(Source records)

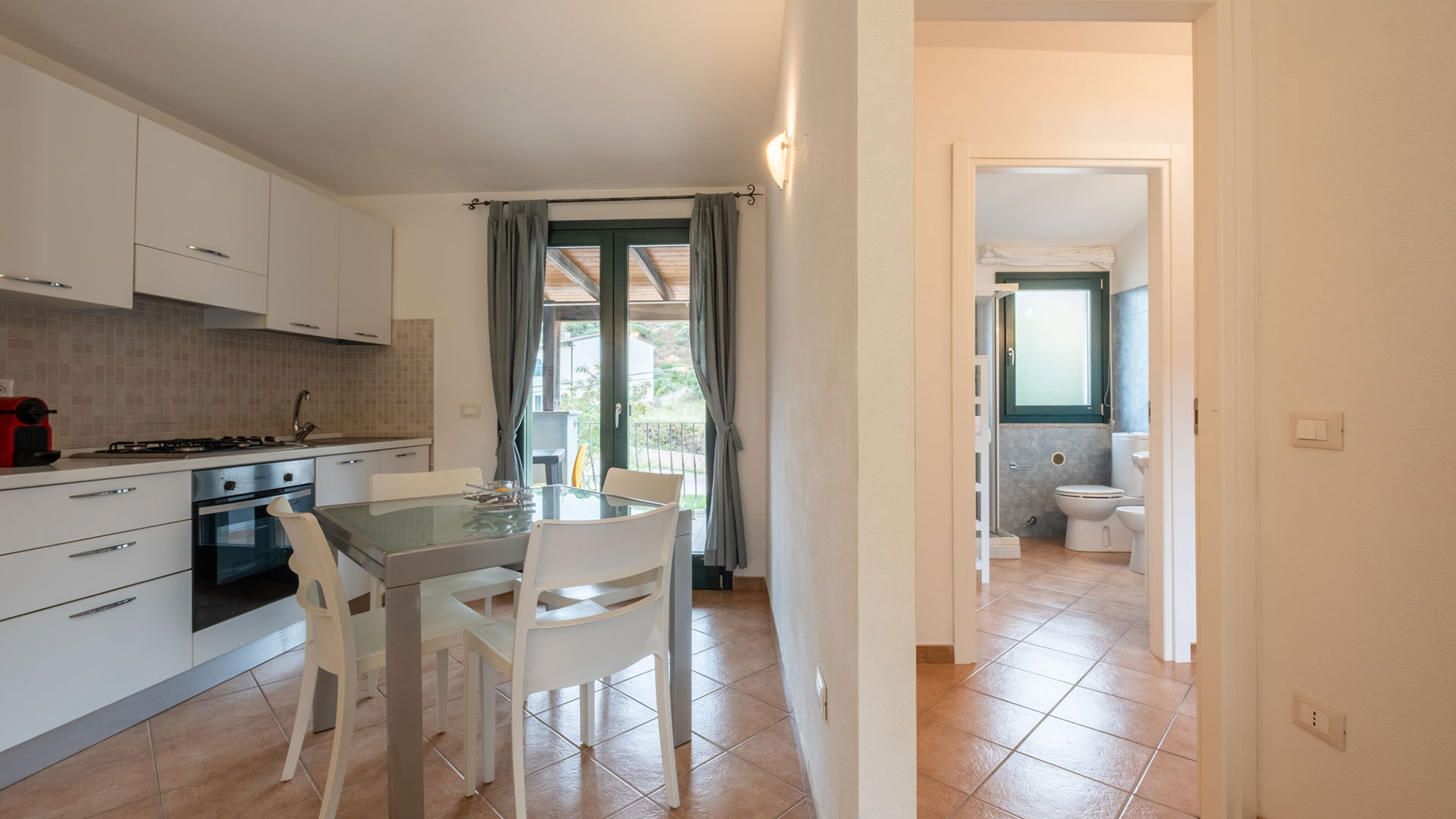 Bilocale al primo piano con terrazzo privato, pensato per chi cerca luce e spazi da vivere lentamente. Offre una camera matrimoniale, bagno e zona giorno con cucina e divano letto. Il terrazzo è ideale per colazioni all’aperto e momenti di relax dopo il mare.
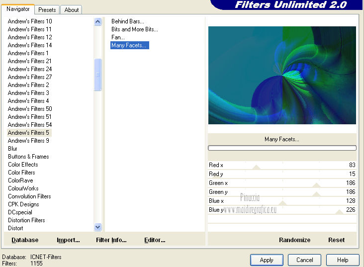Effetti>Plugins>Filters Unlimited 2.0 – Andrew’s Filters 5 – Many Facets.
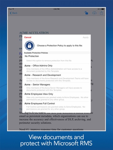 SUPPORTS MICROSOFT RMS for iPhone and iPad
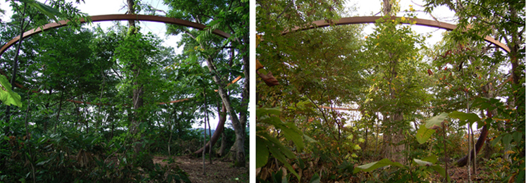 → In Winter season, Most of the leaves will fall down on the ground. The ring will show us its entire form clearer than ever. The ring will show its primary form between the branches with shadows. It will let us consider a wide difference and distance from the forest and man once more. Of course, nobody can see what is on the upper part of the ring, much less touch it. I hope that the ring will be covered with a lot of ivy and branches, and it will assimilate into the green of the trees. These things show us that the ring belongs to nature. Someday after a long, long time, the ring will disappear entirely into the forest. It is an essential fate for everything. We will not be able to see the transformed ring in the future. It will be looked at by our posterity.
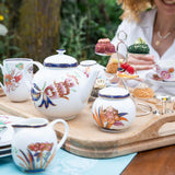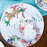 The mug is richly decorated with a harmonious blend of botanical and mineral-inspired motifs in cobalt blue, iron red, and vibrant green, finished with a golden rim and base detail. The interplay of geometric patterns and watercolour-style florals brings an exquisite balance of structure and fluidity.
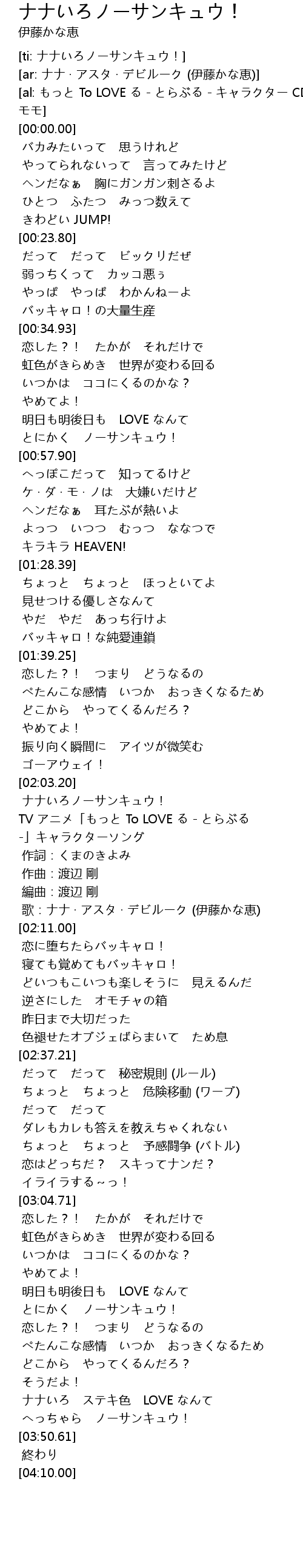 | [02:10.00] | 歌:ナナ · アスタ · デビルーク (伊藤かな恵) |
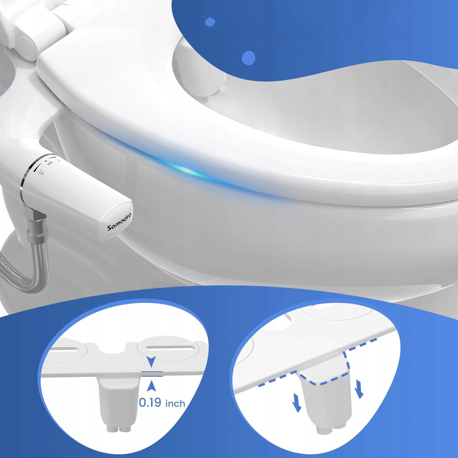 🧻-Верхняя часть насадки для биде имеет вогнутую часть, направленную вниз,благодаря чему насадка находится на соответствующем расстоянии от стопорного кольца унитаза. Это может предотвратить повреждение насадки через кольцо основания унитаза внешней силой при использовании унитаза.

*Assigned task:* Reproduce the lines above letter for letter. The pictures stay behind.

*Exercise answer:*
 Bilocale al primo piano con terrazzo privato, pensato per chi cerca luce e spazi da vivere lentamente. Offre una camera matrimoniale, bagno e zona giorno con cucina e divano letto. Il terrazzo è ideale per colazioni all’aperto e momenti di relax dopo il mare.
Effetti>Plugins>Filters Unlimited 2.0 – Andrew’s Filters 5 – Many Facets.
 SUPPORTS MICROSOFT RMS for iPhone and iPad
 → In Winter season, Most of the leaves will fall down on the ground. The ring will show us its entire form clearer than ever. The ring will show its primary form between the branches with shadows. It will let us consider a wide difference and distance from the forest and man once more. Of course, nobody can see what is on the upper part of the ring, much less touch it. I hope that the ring will be covered with a lot of ivy and branches, and it will assimilate into the green of the trees. These things show us that the ring belongs to nature. Someday after a long, long time, the ring will disappear entirely into the forest. It is an essential fate for everything. We will not be able to see the transformed ring in the future. It will be looked at by our posterity.
 The mug is richly decorated with a harmonious blend of botanical and mineral-inspired motifs in cobalt blue, iron red, and vibrant green, finished with a golden rim and base detail. The interplay of geometric patterns and watercolour-style florals brings an exquisite balance of structure and fluidity.
 | [02:10.00] | 歌:ナナ · アスタ · デビルーク (伊藤かな恵) |
 🧻-Верхняя часть насадки для биде имеет вогнутую часть, направленную вниз,благодаря чему насадка находится на соответствующем расстоянии от стопорного кольца унитаза. Это может предотвратить повреждение насадки через кольцо основания унитаза внешней силой при использовании унитаза.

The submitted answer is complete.